08話.[よく似合ってる]

「終わった?」

「ええ、今日の分は終わったわ」


 私の方も決めていた分はもう終わるというところまできていた。

 今日はお昼ご飯を食べてからプールに行くという約束をしているため、なかなかに集中できたことはよかったことだと言える。


「ふぅ、終わった」

「お疲れ様、肩を揉んであげるわ」

「よろしく」


 彼女は本当に絶妙な力で揉んでくれるから気持ちがいい。

 もちろんこの後は私もするつもりだから勝手ではない。

 そういうことをしてある程度の時間経過を待ち、時間が近づいてきたら購入した水着を着た。


「どう?」

「よく似合っているわ、肌が白いから凄くいい」

「翔子も着て」

「ええ、向こうで着替えるよりも楽だから」


 彼女の方は私と違って黒色の水着だった。

 正直、出るところが出ていてヘコむところがヘコんでいればどんな水着でも似合ったとしか思えない。


「少し恥ずかしいわ」

「大丈夫、水和もきっと褒めてくれる」

「水和先輩は誰にでもそう言いそうだもの、それに私はあなたからの意見を求めているの」

「よく似合ってる」

「少し適当だけどそれならよかったわ」


 服を着たらかなりほっとした。

 やはりお風呂のとき以外はなるべく肌を出さない方がいい。

 グラマラスな体型だったら堂々と見せてあげるところだが、残念ながら小学生にも見えてしまうような残念体型では不可能なのだ。


「そろそろ行きましょうか」

「行こ」


 最低でも十五分前には着いていたいから翔子もそれでよかった。

 時間になっていなくても不安になってしまう人間だし、待つ分には一時間ぐらいなら全く構わないから。


「そういえば抱きしめてこなかった」

「あのまま抱きついていたらそのまま襲っていたわよ」

「狼さん?」

「ええ、あなたを見ていると私は怖い怖い狼になってしまうの」


 私でも興奮できるということならすごい話だ。

 よく分からないことでもあったからなにかを言ったりはしなかった。

 もう集合場所が見えていて、そこに孝太郎がいたからというのもある。


「こんにちは」

「孝太郎、水和は?」

「それがお化粧をしていて遅れているんだよ、濡れちゃうのにね」


 本人がこだわっているのならこちらがなにかを言ったところで意味がない。

 そういうこともよく分かっていないから待っていることにした。

 二時間とか三時間とかになればさすがに文句も言いたくなるが、一時間程度ならやはり待てるから問題はない。

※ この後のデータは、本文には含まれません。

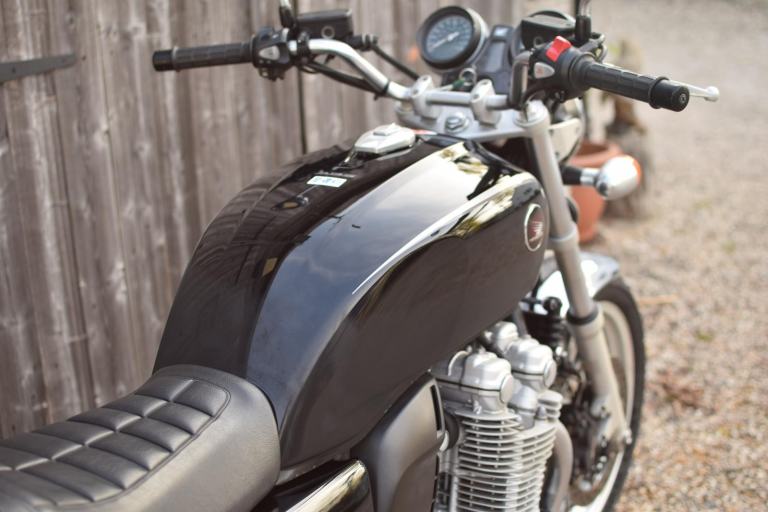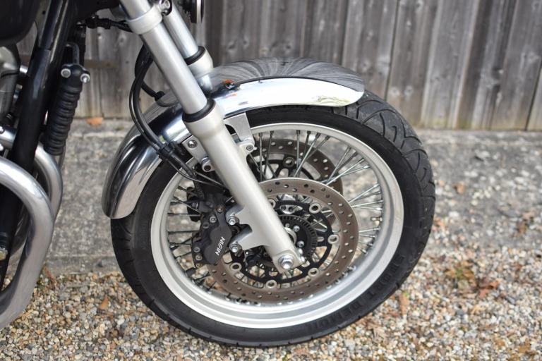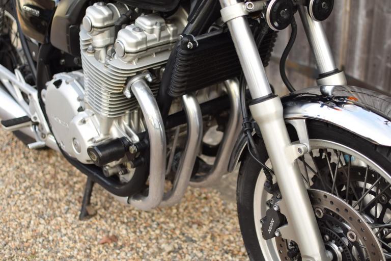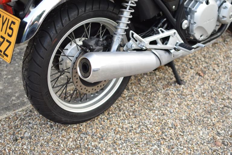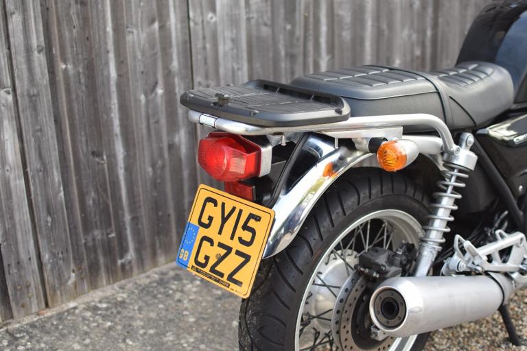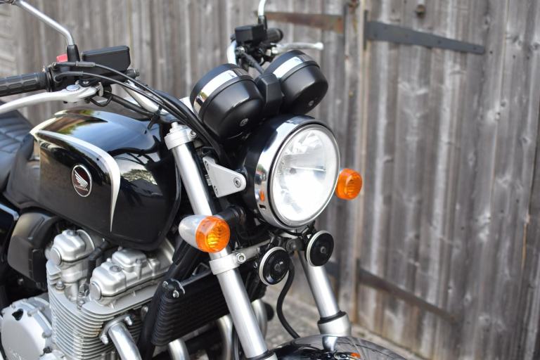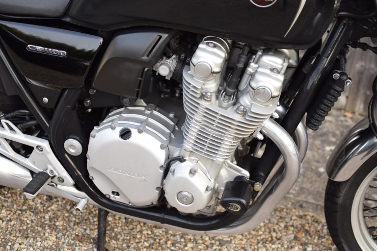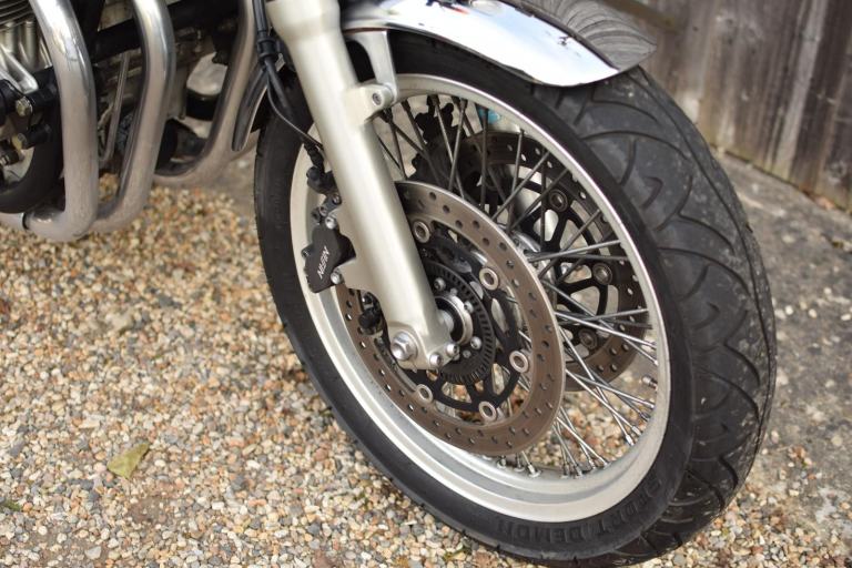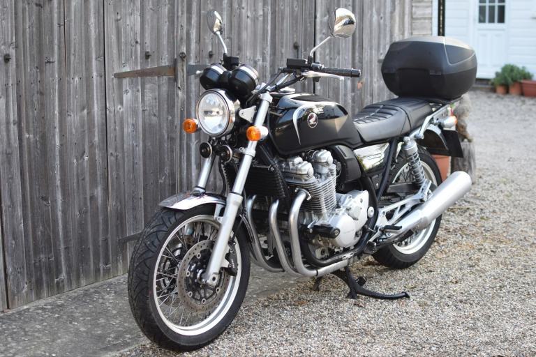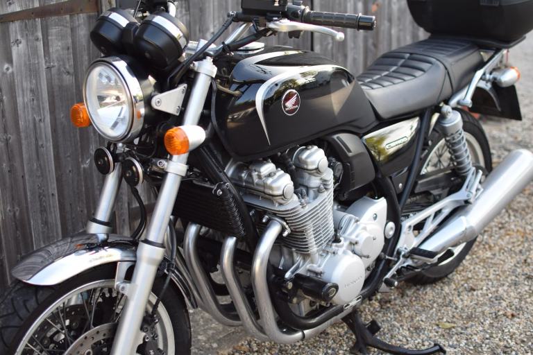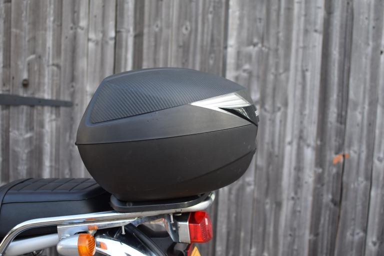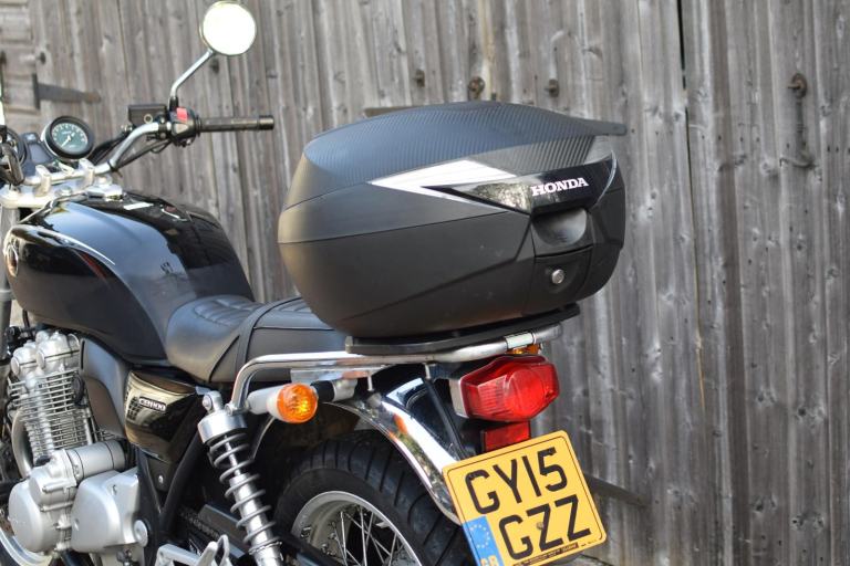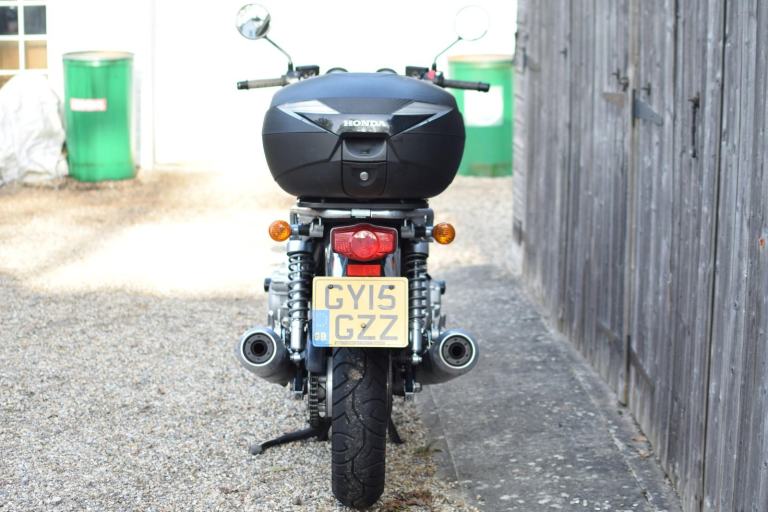 This one is the C-ABS model with combined braking effort and benefits from a Honda luggage rack, Honda quick release top box, R&G Aero engine protectors and ever useful factory fitted centre stand.

 で、大体十五分後ぐらいに水和は集合場所にやって来た。


「遅れてごめんっ」

「気にしなくていい」

「ありがとっ、って、翔子ちゃんがポニーテールだ!」

「はい、暑いのでまとめているんです」

「ごめん、早くプールに入らないとね」


 入場料を払えばすぐに冷たい水に触れることができる。

 ただ、結局お昼ご飯は食べてきていないからお腹が空いているのも確かだった。

 丁度そういう時間に該当するからどうしても揺れてしまう……。


「少ししたら見に行ってみましょうか、それか先になにか食べてからゆっくり遊ぶのでもいいわ」

「しょ、翔子はどうしたい?」

「私はあなたに任せるわ」

「じゃ、じゃあ……」


 先にちょこっとだけ食べてから楽しむことにした。

 こういう風にした方が間違いなく楽しめるから。

 焦らなくても十六時までは追加料金を支払うことなくいられるため、焦る必要はないと片付けた。


「美味しい」

「そうね」


 ちなみに水和及び孝太郎は遊ぶことを選んだ。

 理由は簡単、お昼ご飯を食べていたうえに遊びたかったからだ。

 準備体操さえしてしまえば目の前に快適な環境が整っているのに敢えて離れることを選ぶ人間はいないだろう。

 私達と違って暑さにあまり強くはないということも強く影響していると思う。


「そういえばどうして脱いでこなかったの?」

「……人が多いところで脱ぐことを考えたら不安になった」

「大丈夫よ、誰がどう見ても可愛いとしか思わないわ」

「く、くっついていてもいい?」

「いいけど、帰ってから酷いことになるわよ?」


 どうせ激しくしてくることもないからくっついていることにした。

 お友達が近くにいてくれるというだけで安心できることは分かっている。

 揶揄してくるわけでもないし、とにかくそうやって歩いているだけでも楽しめるからいい場所だった。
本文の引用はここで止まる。